The newspaper reported that 10 Hawkeye football coaches agreed “as part of the budget reductions” to forgo their bowl game bonuses, which saved the department $431,333. Ferentz did not forgo his $100,000 bowl game bonus.

The assistant coaches also didn’t earn their contractual seven-win bonuses because the team won six in the shortened season. Ferentz, too, missed his eight-win $500,000 bonus.

When UI Athletic Director Gary Barta in June 2020 announced the budget cuts and staff sacrifices, he said specifically that Bluder, McCaffery, Brands and Ferentz “have voluntarily agreed to a one-year, 15-percent base salary reduction or contribution back to the athletics department.”

While the other three by that time had signed contract amendments to reduce their respective salaries 15 percent — Bluder on June 22, McCaffery on June 23 and Brands on June 24 — Ferentz didn’t take a pay cut. Per his contract, his base salary increased $100,000 from $2.6 million in the 2020 budget year to $2.7 million in fiscal 2021, according to The Gazette report. 
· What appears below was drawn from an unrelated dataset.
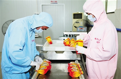 在儋州创华实业公司生产车间,工人们正在加工小包装红鱼干。 舒晓 摄

Ferentz didn’t make any new philanthropic commitments to the department, but the newspaper reported he made good on a previous commitment to give annual installments totaling $400,000 for football letterwinner initiatives. Kirk and Mary Ferentz over time have given nearly $1 million to the athletics department. In 2017 announced a $1 million donation to the UI Stead Family Children’s Hospital.

Henderson told The Gazette that last summer’s announcement of voluntary pay cuts or donations didn’t clarify timing or specify whether the coach commitments included previous pledges or new outright gifts.

“The intent of recognizing Kirk and Mary’s continued, generous philanthropy to athletics has not changed,” he said.

Compensation for the coaches and athletics executives who took voluntary cuts rebounded in the new budget year — per a clause in all the one-year amendments, The Gazette reported.